> WORK REQUIRED
Among the lines below, take the one holding "幺妹子硬要送郎回相关五线谱", the one holding "Kuvakaappaus kerto, että", and all lines between them. Set them down exactly.
[DATASET EXCERPTS Boundary: Start]
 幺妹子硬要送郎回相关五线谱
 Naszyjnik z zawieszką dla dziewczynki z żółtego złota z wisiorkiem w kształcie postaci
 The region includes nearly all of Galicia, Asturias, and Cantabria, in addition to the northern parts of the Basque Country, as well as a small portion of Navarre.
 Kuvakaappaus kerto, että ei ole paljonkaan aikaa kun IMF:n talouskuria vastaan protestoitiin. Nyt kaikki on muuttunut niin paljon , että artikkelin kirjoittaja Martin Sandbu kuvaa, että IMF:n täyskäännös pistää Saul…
[DATASET EXCERPTS Boundary: End]
[DATASET EXCERPTS Boundary: Start]
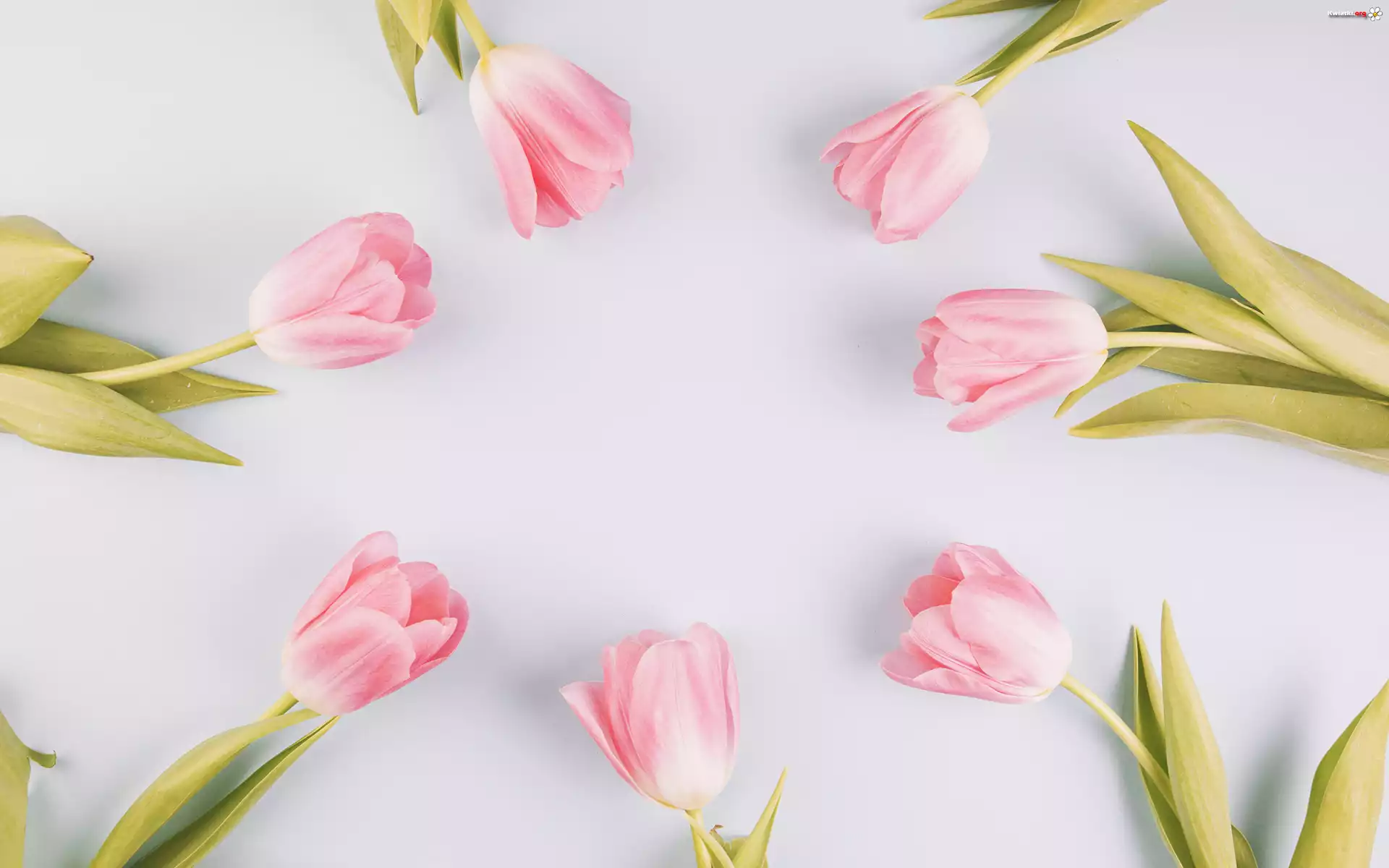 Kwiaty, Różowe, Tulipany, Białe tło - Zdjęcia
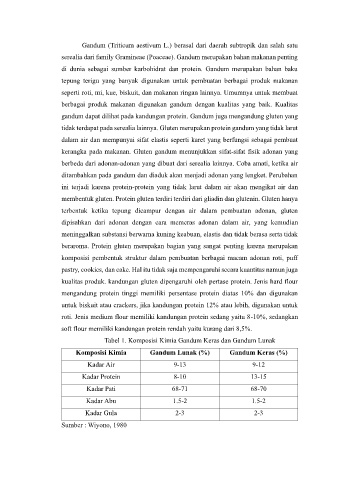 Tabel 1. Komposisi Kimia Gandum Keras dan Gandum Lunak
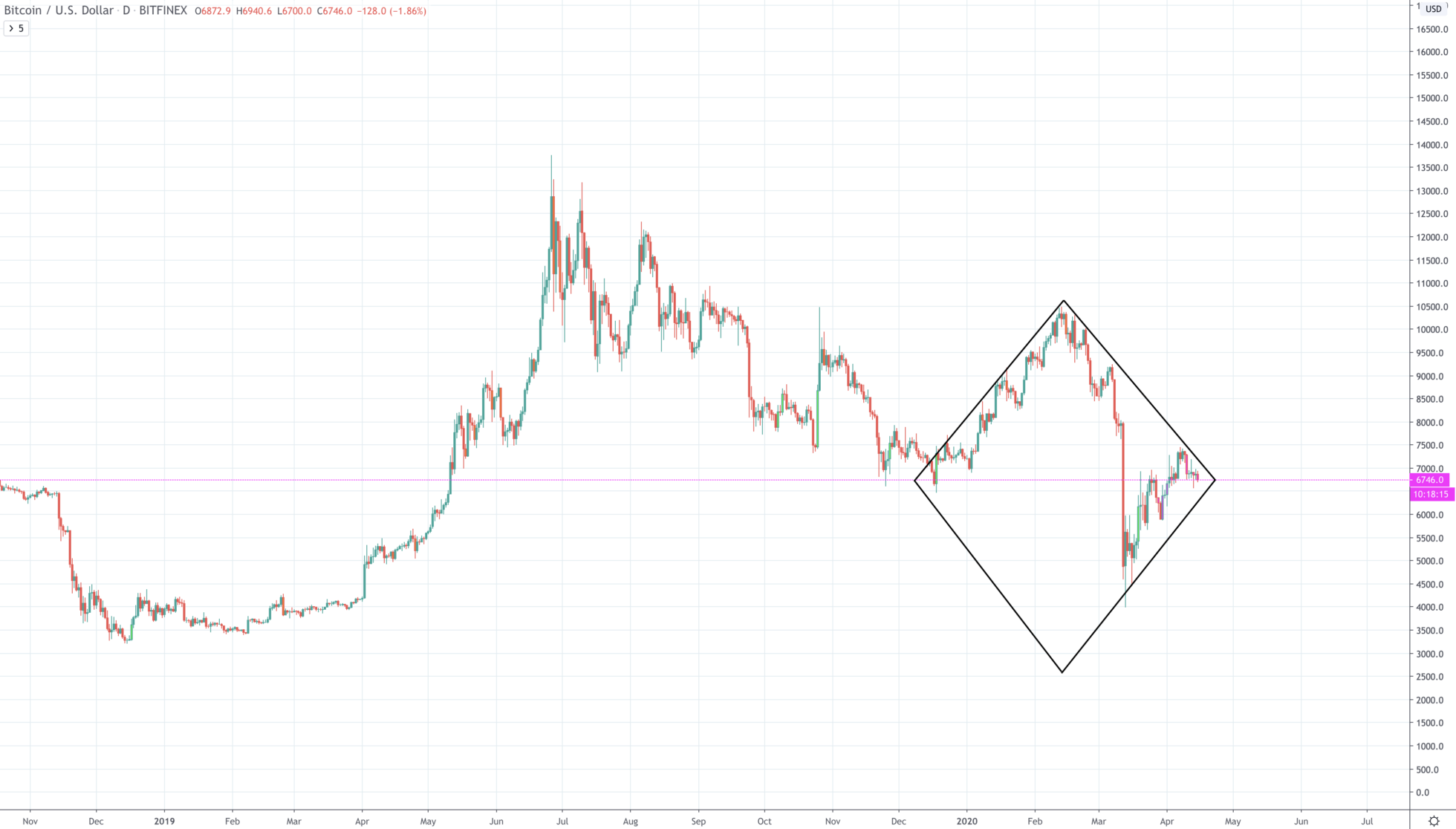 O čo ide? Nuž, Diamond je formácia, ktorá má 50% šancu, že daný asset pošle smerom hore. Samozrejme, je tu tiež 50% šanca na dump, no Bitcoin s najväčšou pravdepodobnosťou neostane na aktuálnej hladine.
[DATASET EXCERPTS Boundary: End]
> YOUR RESPONSE
 幺妹子硬要送郎回相关五线谱
 Naszyjnik z zawieszką dla dziewczynki z żółtego złota z wisiorkiem w kształcie postaci
 The region includes nearly all of Galicia, Asturias, and Cantabria, in addition to the northern parts of the Basque Country, as well as a small portion of Navarre.
 Kuvakaappaus kerto, että ei ole paljonkaan aikaa kun IMF:n talouskuria vastaan protestoitiin. Nyt kaikki on muuttunut niin paljon , että artikkelin kirjoittaja Martin Sandbu kuvaa, että IMF:n täyskäännös pistää Saul…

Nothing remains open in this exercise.